The purple square represents the relative size of the portrait to a 2 metre x 2 metre maximum size allowed.
Cara Guri
Home: Surrey, British Columbia
Title: Looking Glass
Media: oil on board
Dimensions: 52 x 73 cm
Website: caraguri.com
ARTIST STATEMENT
This painting, titled Looking Glass, is a painting of my mother completed from life in my childhood kitchen, showcasing the random assortment of glasses in circulation throughout my lifetime. The idea for this work came from a desire to create a distorted translation of the conventions behind Velázquez’s “The Rokeby Venus” and challenge his use of the Venus effect (the mirror in the painting shows an impossible perspective to reveal the face of the subject) into a reality that I found more relatable while also communicating new meaning. I chose to substitute the iconic goddess with the very familiar figure of my mother. Instead of reclining, she is seated upright. I traded mirror glass for drinking glasses that, in part, distort and obscure. She is clothed rather than nude. The distortions are visible in my painting are the distortions I observed reflecting in the glass itself, and are not to idealize the figure or to make the mirror reflection more visible as in “The Rokeby Venus”. Creating the painting came to be a meditation on the complexity of identity and the passage of time, the way our lives are built around objects that are transient parts of our lives and seeing our identities and ephemeral existence mirrored back to us in them.
ARTIST BIOGRAPHY
Cara Guri is a visual artist and painter exploring new possibilities in contemporary portraiture. She holds a Bachelor of Fine Arts from Emily Carr University and has completed a painting residency at Columbia University. She has received numerous awards for her work, including the Takao Tanabe Scholarship, the Brissenden Scholarship, and the Bishop’s Undergraduate Prize in Fine Arts. Her work is exhibited in Canada and New York, NY. Recent exhibitions include The Reach Gallery Museum, Burrard Arts Foundation, and The Art Gallery of Grande Prairie.
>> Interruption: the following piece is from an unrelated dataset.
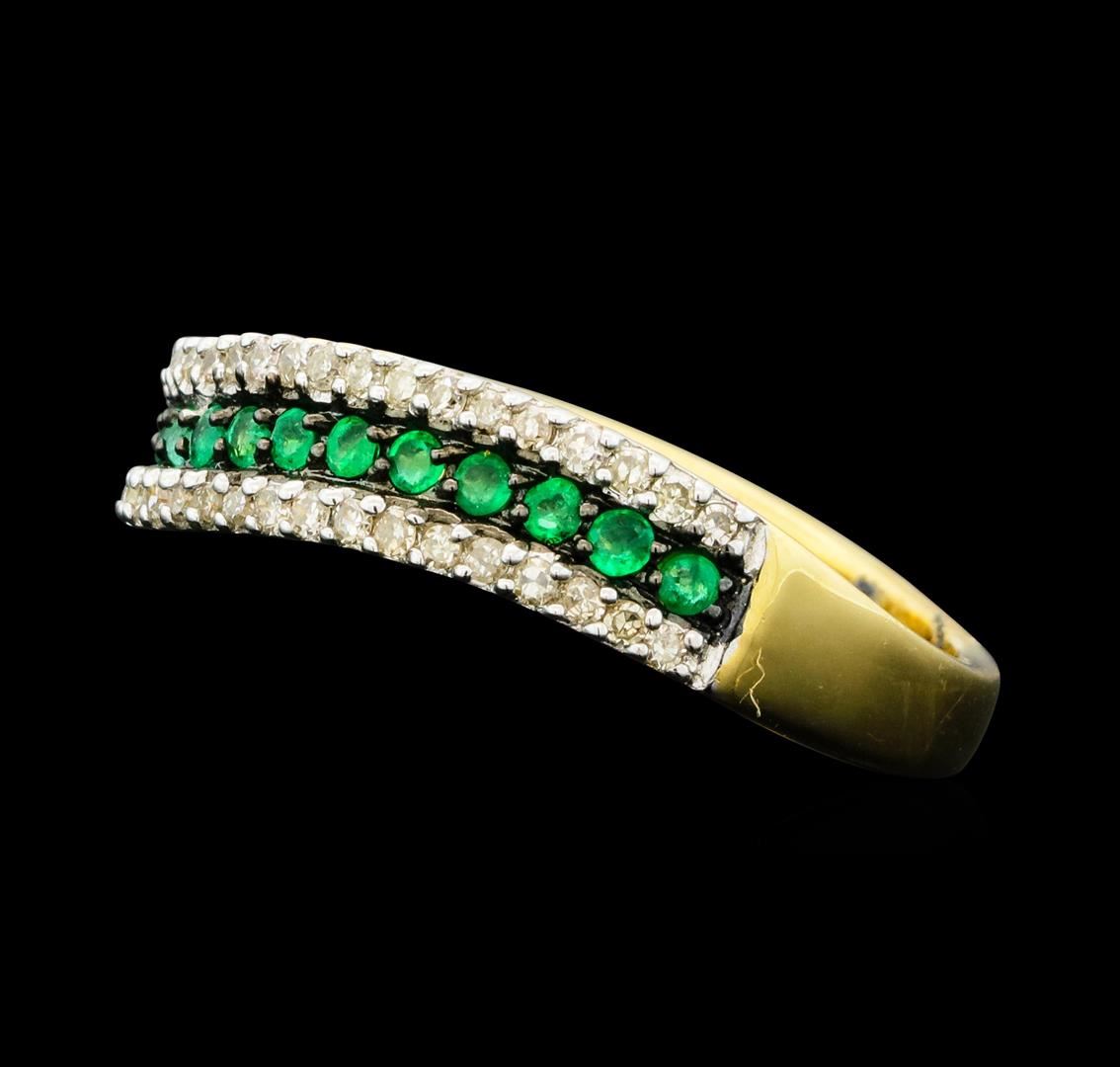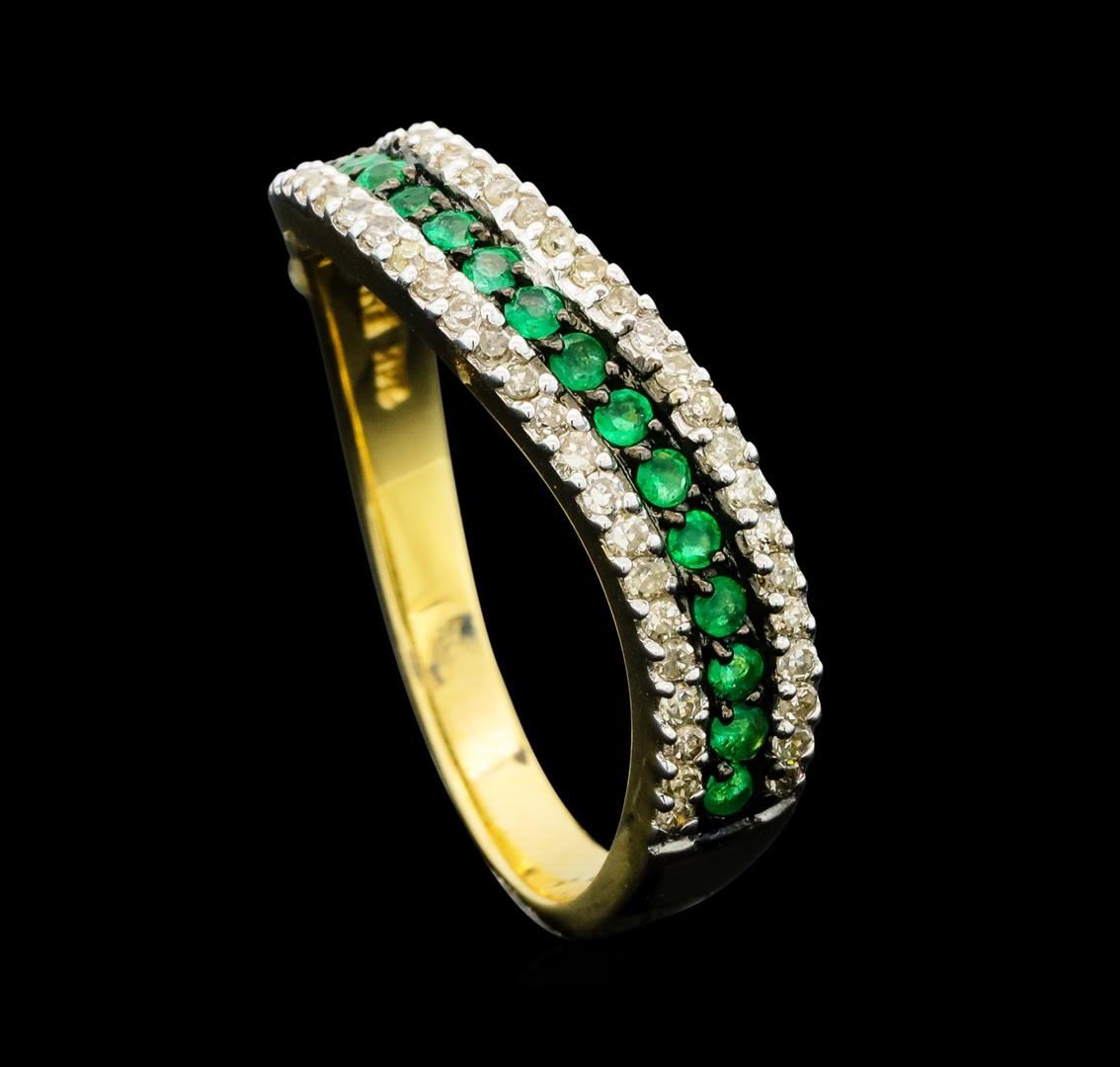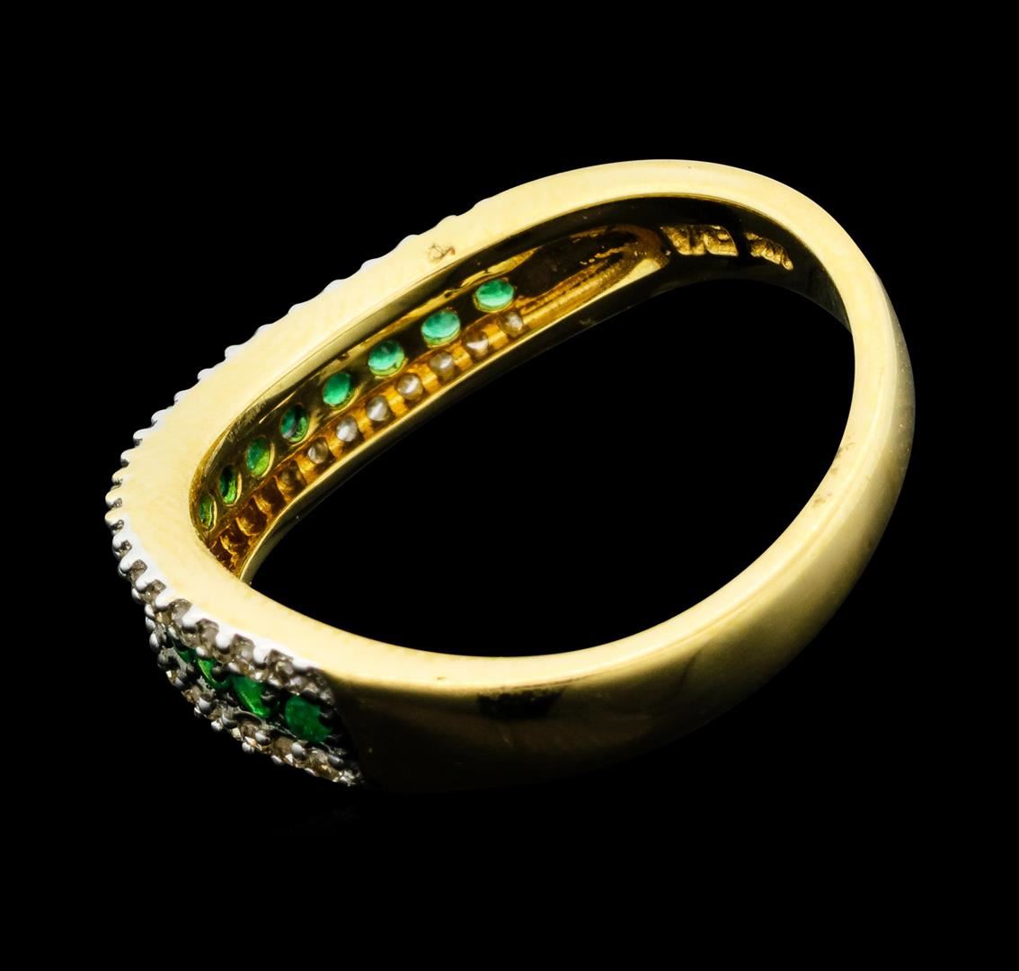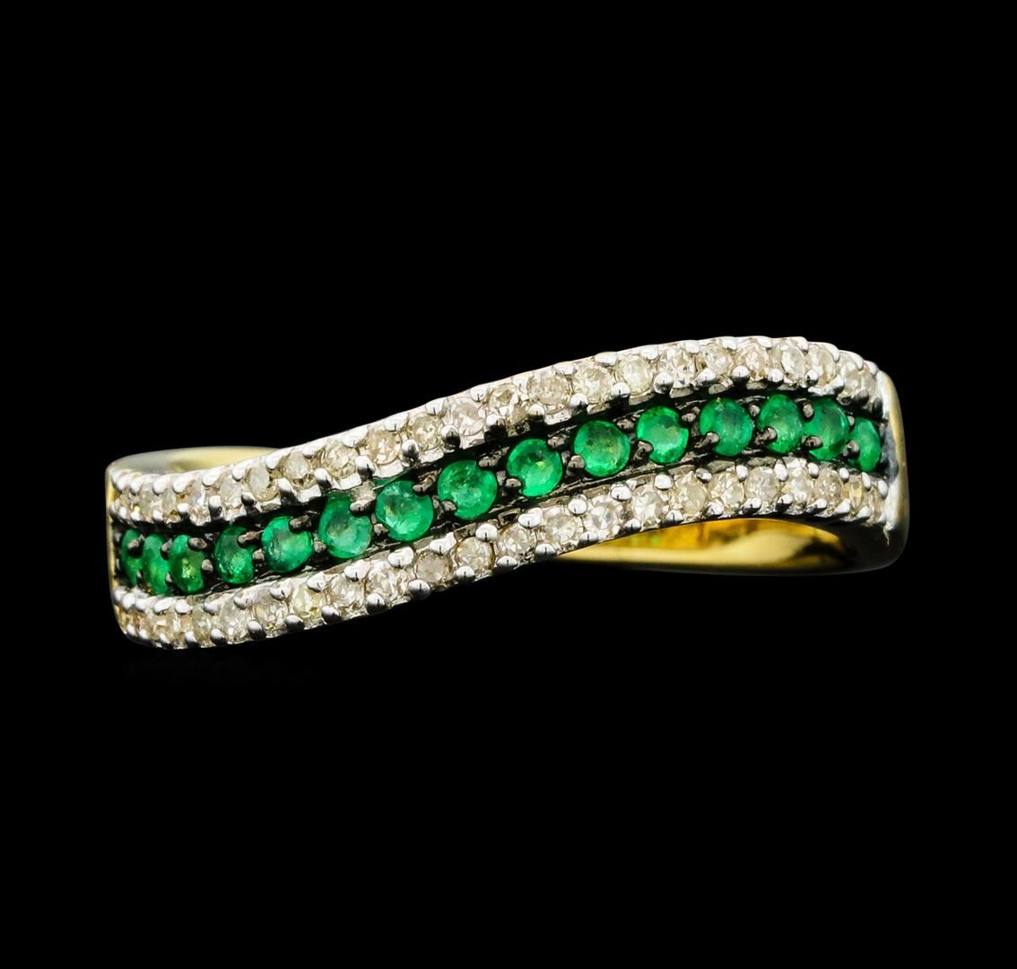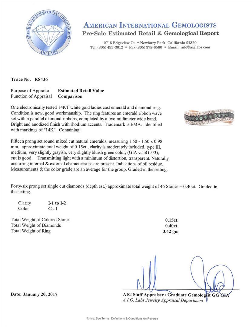 One electronically tested 14KT white gold ladies cast emerald and diamond ring. The ring features an emerald ribbon wave set within parallel diamond ribbons, completed by a two millimeter wide band. Bright and anodized finish with rhodium accents. Trademark is EMA. Identified with markings of "14K". Condition is new, good workmanship. Containing: Fifteen prong set round mixed cut natural emeralds, measuring 1.50 - 1.50 x 0.98 mm, approximate total weight of 0.15ct., clarity is moderately included, type III, medium, very slightly grayish, very slightly bluish green color, (GIA vslbG 5/3), cut is good. Transmitting light with a minimum of distortion, transparent. Naturally occurring internal & external characteristics are present. Indications of oil residue. Measurements & the color grade are an average for the group. Graded in the setting.Forty-Six prong set single cut diamonds (depth est.) approximate total weight of 46 Stones = 0.40ct. Graded in the setting. Clarity: I-1 to I-2. Color: G - I. Total Weight of Colored Stones 0.15ct. Total Weight of Diamonds 0.40ct. Total Weight of Ring 3.42gm. AIG Appraised.

She has also completed artist residencies with hcma, Burrard Arts, The City of Abbotsford, North Vancouver Recreation and Culture and was an artist with Vancouver Mural Festival. She currently lives and works in Surrey, BC. Cara explores the relationship between identity construction and portraiture in her current painting practice. Her works examine the transactional nature of portraiture: the information that is given to the viewer and that which is withheld. Through her paintings, she re-examines conventions and symbols that are found in historical portraiture by translating them into her current reality in a way that disrupts their original meaning and intent.